Legal disability under the Act refers to legal incapacity to perform an action because of diminished physical and mental abilities. Section 6 of the Act recognizes three forms of legal disabilities, i.e., minority, insanity and idiocy.  It is important to note that, according to this section, the term “minor” encompasses a child in the womb of the mother. 

The following situations are provided for under this section – 

  • If a person entitled to pursue a suit or file an application for the execution of a decree is a minor, insane or mentally disabled, then such a person can pursue litigation once his/her disability ends, as specified in the Schedule of the Act. If a person is affected by multiple disabilities, they can file a suit or make the application when both disabilities cease. 

  •  If a person’s legal disability continues to exist until the death of such person, then his/her legal representatives can file the suit or the application after the demise of that person. If the legal representatives are affected by a disability other than death, the aforementioned provisions will continue to apply. 

  • If a person with a disability passes away after the disability has ended but before the deadline set by this section, his/her legal representative may file a lawsuit or application within the same timeframe as if the person were still alive. 

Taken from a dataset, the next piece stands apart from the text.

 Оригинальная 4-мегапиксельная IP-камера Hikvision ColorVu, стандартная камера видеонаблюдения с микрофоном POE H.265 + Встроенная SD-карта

It is advised that Section 6 is read with Section 9 of the Act. Section 9 refer to the continuous running of time and states, “Where once time has begun to run, no subsequent disability or inability to institute a suit or make an application stops it.” Therefore, once the limitation period has begun, it cannot be brought to a halt or stopped altogether unless express statutory provisions state otherwise. 

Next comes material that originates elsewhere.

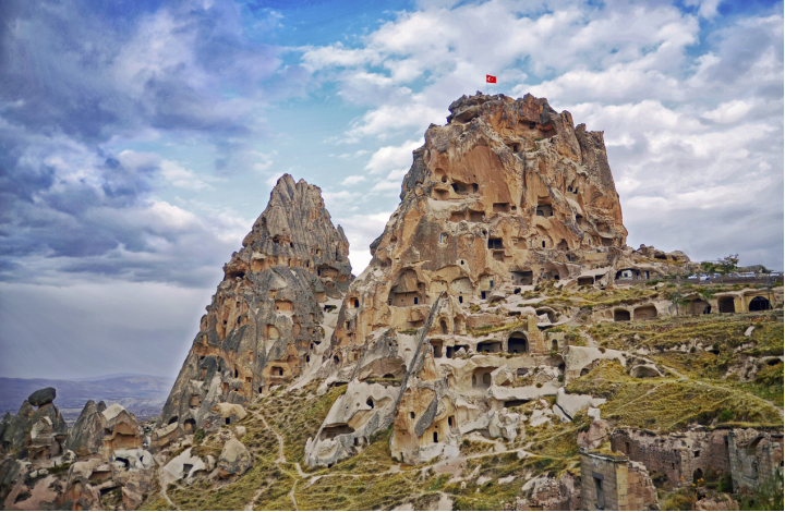 乌奇希萨尔堡:它像一块巨大的多孔岩石高耸直立,是卡帕多奇亚中最大、最美的“精灵烟囱”。站在乌奇希萨尔城堡的顶峰,可以将整个卡帕多西亚的景致尽收眼底。城堡顶部有许多雕刻而成的罐子、坟墓和大型蓄水池。自罗马时期以来,这里就雕刻了许多房间、避难所、仓库、蓄水池、坟墓和地窖,一直是抵御阿拉伯人袭击的重要防御点。

  1. CALCULATION OF THE PERIOD OF LIMITATION 

Sections 12 to 24 of the Act provide for the calculation of the period of limitation. Some of the important provisions are stated below: 

  • Section 12: This section refers to the various exclusions of time in legal proceedings for computing the period of limitation. For example, Section 12(1) requires the date from which the period of limitation ought to start to be excluded from the calculation for any suit, appeal or application. 

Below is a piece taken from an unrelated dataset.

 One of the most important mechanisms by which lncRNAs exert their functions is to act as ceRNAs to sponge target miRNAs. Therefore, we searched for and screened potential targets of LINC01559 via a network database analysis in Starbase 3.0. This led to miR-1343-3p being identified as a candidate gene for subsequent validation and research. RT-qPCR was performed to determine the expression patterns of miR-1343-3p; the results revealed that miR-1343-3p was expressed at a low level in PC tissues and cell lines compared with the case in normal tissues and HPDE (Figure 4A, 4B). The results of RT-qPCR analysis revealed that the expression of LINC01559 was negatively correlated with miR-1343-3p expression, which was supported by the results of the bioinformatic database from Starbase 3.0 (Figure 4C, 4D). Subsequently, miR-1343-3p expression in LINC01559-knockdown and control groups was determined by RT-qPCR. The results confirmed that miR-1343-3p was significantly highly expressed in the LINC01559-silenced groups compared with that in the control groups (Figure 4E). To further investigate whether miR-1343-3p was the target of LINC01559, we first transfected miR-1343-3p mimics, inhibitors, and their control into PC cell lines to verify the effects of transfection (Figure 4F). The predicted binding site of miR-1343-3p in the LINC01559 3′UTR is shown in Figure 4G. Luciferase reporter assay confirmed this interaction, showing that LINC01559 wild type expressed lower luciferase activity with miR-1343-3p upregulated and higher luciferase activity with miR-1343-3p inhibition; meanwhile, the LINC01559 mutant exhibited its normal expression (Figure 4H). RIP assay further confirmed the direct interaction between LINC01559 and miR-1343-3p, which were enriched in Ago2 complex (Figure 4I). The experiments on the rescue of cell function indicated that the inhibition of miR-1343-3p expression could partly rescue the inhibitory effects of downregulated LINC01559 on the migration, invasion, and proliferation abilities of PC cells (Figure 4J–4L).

  • Section 13: This section mandates that if an application for leave to sue or leave to appeal is filed by a pauper is rejected, then the time during which the pauper has been prosecuting in good faith for such leave should be excluded from the computation of period of limitation.  

  • Section 14: This section talks about the exclusion of time of proceedings initiated bonafidely in a court that does not have jurisdiction. In consonance with the principles of justice, equity and good conscience, this section will apply provided that the litigant exercised due diligence and acted in a bona fide manner. 

  • Section 15: This section refers to the exclusion of time in certain other cases. For example, Section 15(5) states that the time during which the defendant was not present in India shall be excluded from the computation of period of limitation for a suit. 

  • Section 16: This section deals with the effect of death on or before the accrual of right to due for which the cause of action must not arise before the concerned person dies. 

  • Section 17: This section deals with the effect of fraud or mistake wherein the limitation shall be calculated from the time when the fraud was discovered by the person against whom the fraud was committed.  

  • Section 22: This section provides for the computation of a fresh period of limitation in cases of a continuing breach of contract or a continuing tort for every moment of the time during which such breach continues to persist. 

  1. CONCLUSION 

Through the enactment of the Limitation Act, 1963, there is now a law in place to keep a check on the inordinate delays in litigation by dismissing the suits which are time-barred. It re-emphasises on the point that the law supports those who vigilant about their rights and remedies. Furthermore, it also seeks to reassure the common man who, given the present state of affairs, is riddled with worries about never-ending litigation and the financial burden it entails.